Lassen Sie Experimente ihre volle Dauer laufen. Der Neuheitseffekt (vorübergehendes Interesse an einer Änderung, nicht weil sie besser ist, sondern weil sie neu ist) kann frühe Ergebnisse stark verzerren und manchmal dazu führen, dass sie in und aus der statistischen Signifikanz schwanken. Experimente vorzeitig zu beenden erhöht die Wahrscheinlichkeit, dass Sie voreilige Maßnahmen auf der Grundlage anomaler Spitzen ergreifen, die mehr Daten geglättet oder sogar widerlegt hätten.
Handeln Sie nicht ohne statistische Signifikanz. Selbst scheinbar große Änderungen im Spieler Verhalten sind möglicherweise nicht statistisch signifikant, in der Regel aufgrund einer kleinen Stichprobengröße. Wenn eine Änderung nicht statistisch signifikant ist, ignorieren Sie sie.
Vermeiden Sie Änderungen während Experimente. Größere Fehler müssen natürlich behoben werden, aber Änderungen am Spielinhalt können das Spieler Verhalten beeinflussen und Ihre Ergebnisse ungültig machen, selbst wenn die Änderungen scheinbar nichts mit Ihrem Experiment zu tun haben.
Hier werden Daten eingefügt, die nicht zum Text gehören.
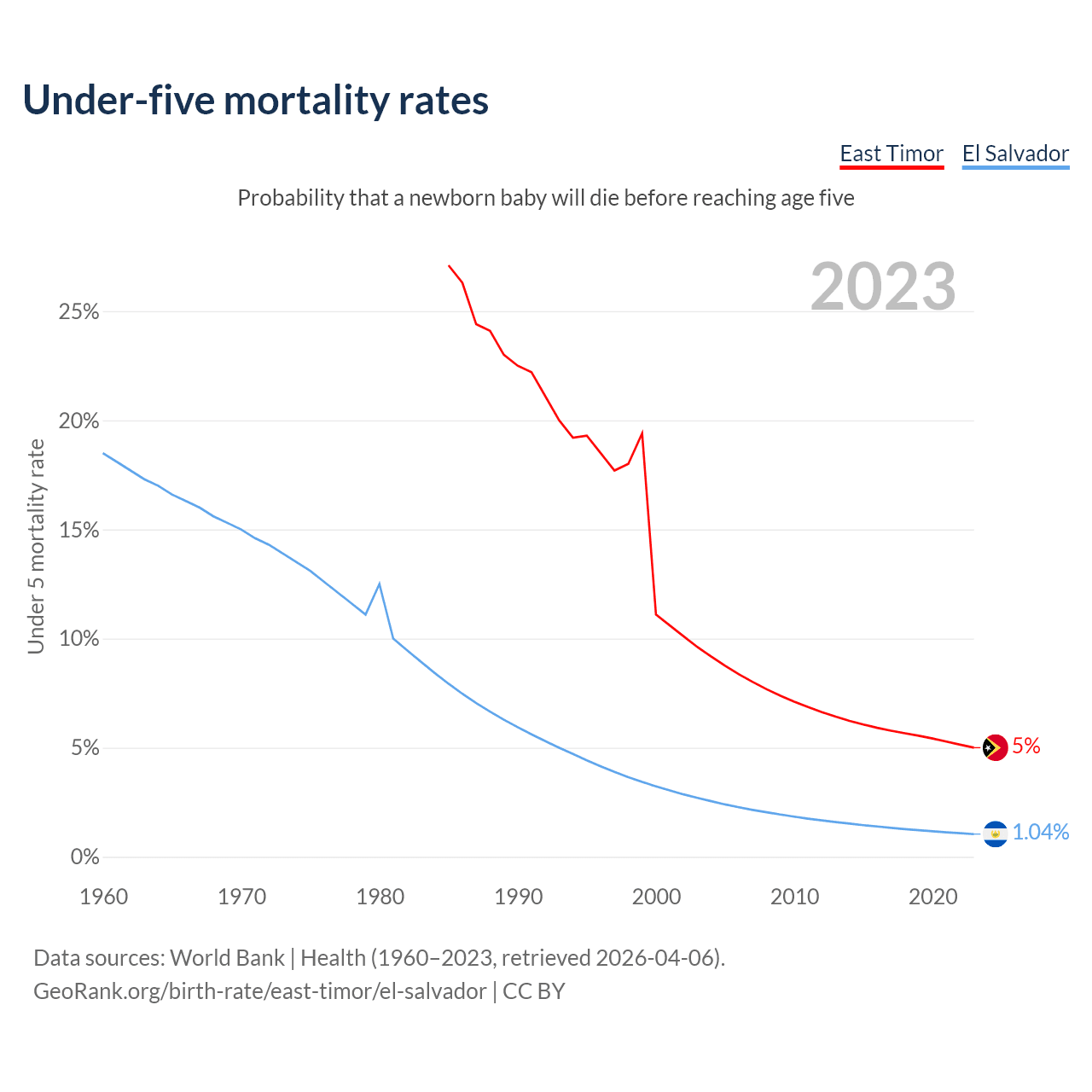 The chance that a newborn baby will die before reaching age five is 5% in East Timor and 1.04% in El Salvador. Above is a chart with historical data on under-five mortality rates.

Führen Sie auch nur dann Experimente gleichzeitig durch, wenn Sie sicher sind, dass sie sich nicht gegenseitig beeinflussen.
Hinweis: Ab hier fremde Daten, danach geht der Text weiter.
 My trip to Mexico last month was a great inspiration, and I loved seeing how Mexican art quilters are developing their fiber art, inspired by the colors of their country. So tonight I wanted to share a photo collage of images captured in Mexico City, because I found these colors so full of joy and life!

Verwenden Sie Vertrauensintervalle für tiefere Einblicke in Metriken und um nach Grenzfällen statistischer Signifikanz zu suchen. Wenn das Vertrauensintervall zu breit ist, könnte die Metrik niemals statistische Signifikanz erreichen.
Wenn eine Metrik signifikant steigt und eine andere signifikant sinkt, müssen Sie entscheiden, ob der Kompromiss es wert ist, möglicherweise in Verbindung mit anderen statistisch signifikanten Bewegungen.
Experimente liefern starke Signale, aber statistische Signifikanz handelt von Wahrscheinlichkeiten, nicht von Gewissheiten – daher das Vertrauensintervall. Datenvariabilität, Stichprobengröße und die Größe der Änderung beeinflussen alle die Wahrscheinlichkeit, dass erkannt wird, ob eine Variante das Spieler Verhalten beeinflusst hat. Jede Maßnahme, die Sie auf der Grundlage der Ergebnisse eines Experiments ergreifen, sollte gegen qualitative Daten wie Spielerfeedback und Ihre Gesamtvision für das Spiel abgewogen werden.
Dokumentieren Sie Ihre Erkenntnisse und Entscheidungen. Selbst wenn Sie sie nicht verwenden, um zusätzliche Experimente durchzuführen, kann ein Wissens- und Beweisbestand darüber informieren, wie Sie Ihre Spiele gestalten.